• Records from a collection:
* * *

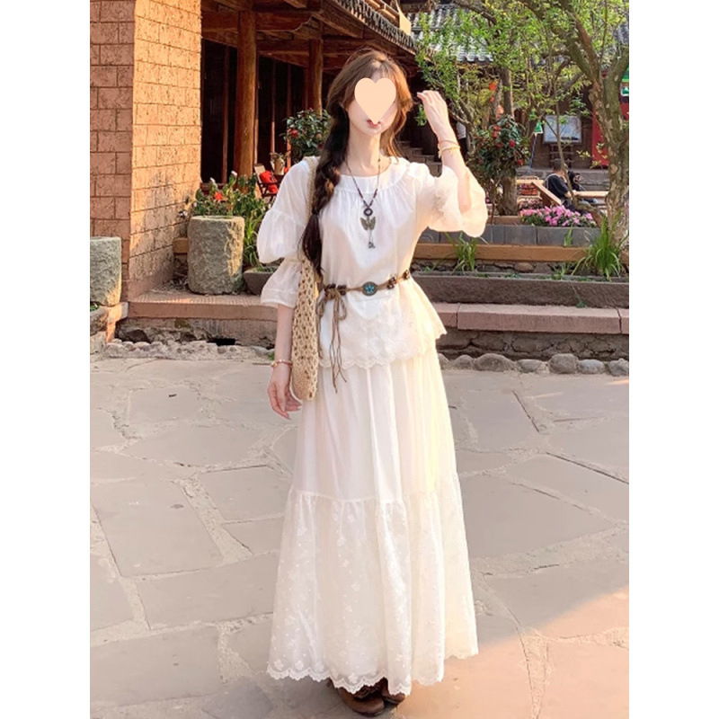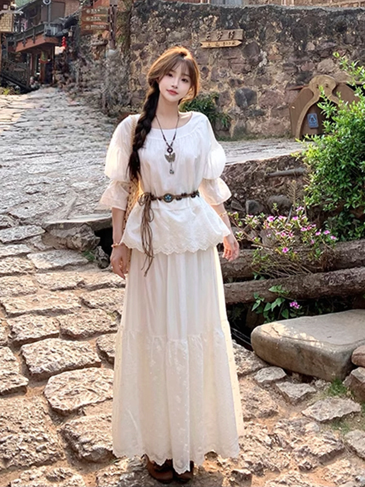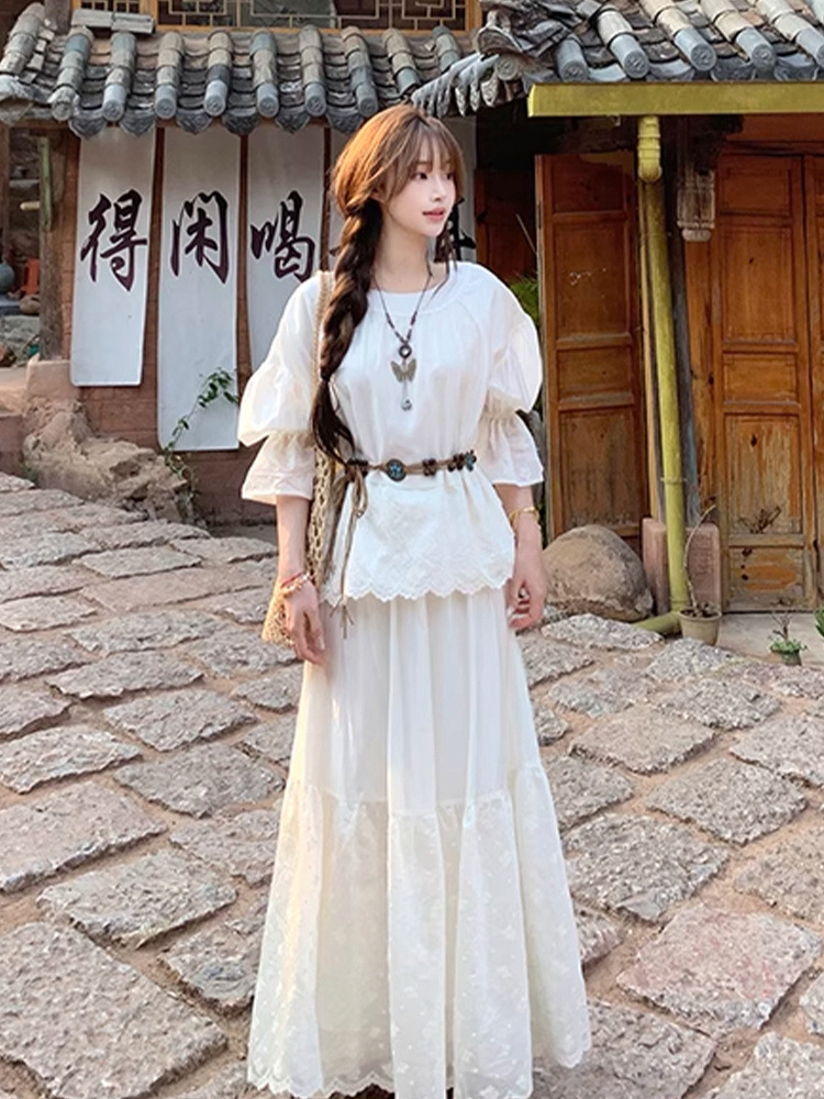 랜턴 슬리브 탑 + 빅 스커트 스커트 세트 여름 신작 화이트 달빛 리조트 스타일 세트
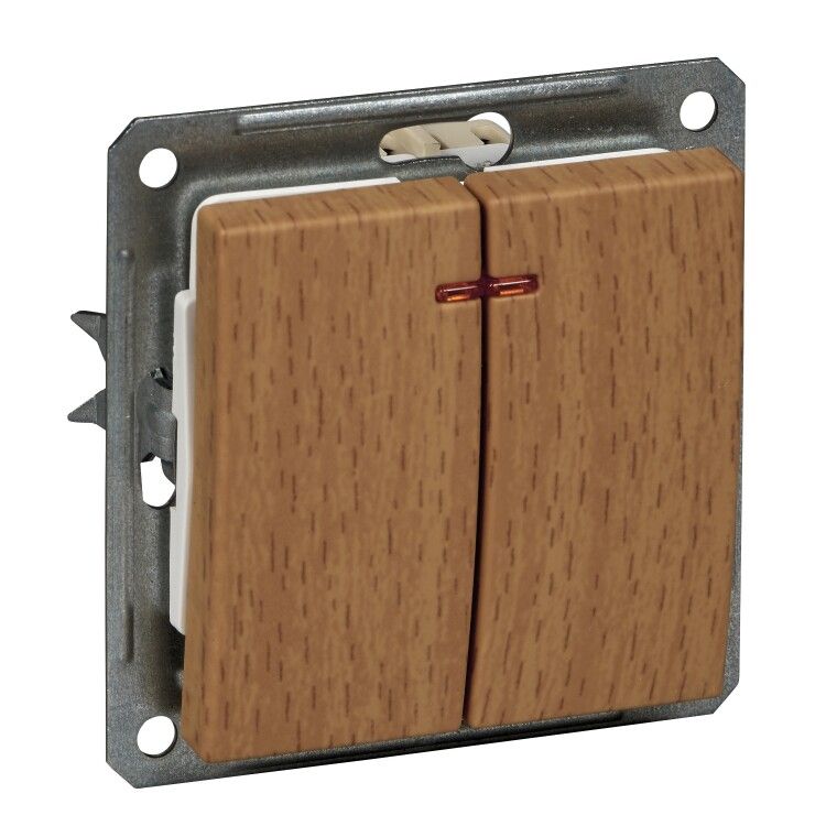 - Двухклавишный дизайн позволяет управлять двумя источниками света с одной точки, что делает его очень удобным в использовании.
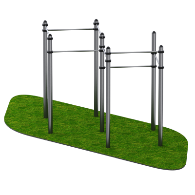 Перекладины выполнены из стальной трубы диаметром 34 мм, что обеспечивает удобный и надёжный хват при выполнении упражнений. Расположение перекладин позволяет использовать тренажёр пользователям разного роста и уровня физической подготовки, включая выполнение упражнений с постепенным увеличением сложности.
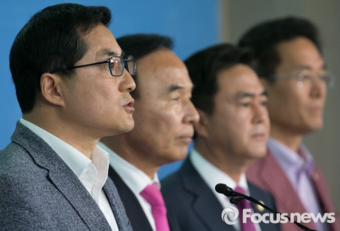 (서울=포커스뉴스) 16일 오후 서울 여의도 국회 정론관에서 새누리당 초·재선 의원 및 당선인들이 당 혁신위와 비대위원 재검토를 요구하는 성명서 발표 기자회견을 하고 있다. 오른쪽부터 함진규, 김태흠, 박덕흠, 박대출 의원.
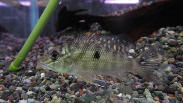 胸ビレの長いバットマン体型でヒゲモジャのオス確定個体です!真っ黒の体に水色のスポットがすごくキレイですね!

* * *

• Work to be completed: Print the data above from its first line through the line that has "(서울=포커스뉴스) 16일 오후", exactly and with nothing else, omitting pictures.

• Output:
 랜턴 슬리브 탑 + 빅 스커트 스커트 세트 여름 신작 화이트 달빛 리조트 스타일 세트
 - Двухклавишный дизайн позволяет управлять двумя источниками света с одной точки, что делает его очень удобным в использовании.
 Перекладины выполнены из стальной трубы диаметром 34 мм, что обеспечивает удобный и надёжный хват при выполнении упражнений. Расположение перекладин позволяет использовать тренажёр пользователям разного роста и уровня физической подготовки, включая выполнение упражнений с постепенным увеличением сложности.
 (서울=포커스뉴스) 16일 오후 서울 여의도 국회 정론관에서 새누리당 초·재선 의원 및 당선인들이 당 혁신위와 비대위원 재검토를 요구하는 성명서 발표 기자회견을 하고 있다. 오른쪽부터 함진규, 김태흠, 박덕흠, 박대출 의원.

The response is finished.